SUGAR ants may be doing their bit for their environment by indulging their taste for urine, according to new research.
A study by the University of South Australia found the ants actually preferred urine to sugar and their taste for it could play a role in reducing greenhouse gases.
Led by wildlife ecologist Associate Professor Topa Petit, researchers learned sugar ants nocturnally foraged for pee to extract nitrogen molecules.
If not for the ants, those molecules may have ended up in greenhouse gases.
The Kangaroo Island based team found the ants were attracted to higher concentrations of urea, mining them for long periods from dry sand.
This marked the first time ants had been observed mining dry urine from sand for a long periods of time.
Associate Professor Petit said findings could play a role in nitrogen cycling.
"When I first noticed the ants swarming to scavenge urine, it was purely by accident," she said.
"But under research conditions we found that the ants determinedly mined urea patches night after night with greater numbers of ants drawn to higher urea concentrations."

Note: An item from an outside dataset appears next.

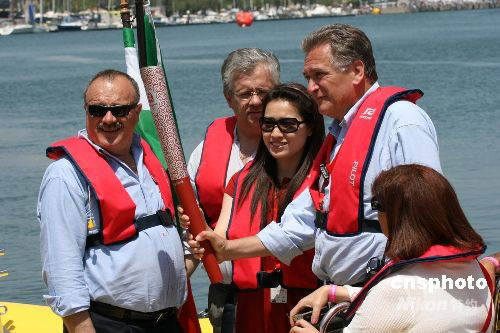 葡萄牙當(dāng)?shù)貢r(shí)間5月4日下午,F(xiàn)1摩托艇世錦賽葡萄牙站比賽在葡萄牙波爾蒂芒舉行,北京2008奧運(yùn)火炬手羅雪娟帶著她收藏的“祥云”奧運(yùn)火炬來(lái)到F1賽場(chǎng),在賽場(chǎng)會(huì)議上羅雪娟和國(guó)際摩聯(lián)F1委員會(huì)主席尼克魯共同呼吁:“崇尚體育精神、支持北京奧運(yùn)”。在本次2008F1摩托艇世錦賽決賽前,羅雪娟和她收藏的“祥云”火炬被國(guó)際摩聯(lián)邀請(qǐng)到巡游艇上,進(jìn)行賽前繞場(chǎng)一周巡游。這是奧運(yùn)火炬首次出現(xiàn)在F1賽場(chǎng)。中新社發(fā) 北京泓鼎 攝

She said a bacterium in the digestive tract of sugar ants allowed them to process urea in order to get nitrogen for protein.
Associate Professor Petit said the discovery suggested the ants might reduce the release of ammonia from urine, which led to the production of nitrous oxide.
Nitrous oxide is 300 times more potent than carbon dioxide.
The past decade has seen a substantial increase in emissions, mostly due to the widespread use of fertilisers.
"This is not the last we will hear about these sugar ants - they could open up a whole new field of research," she said.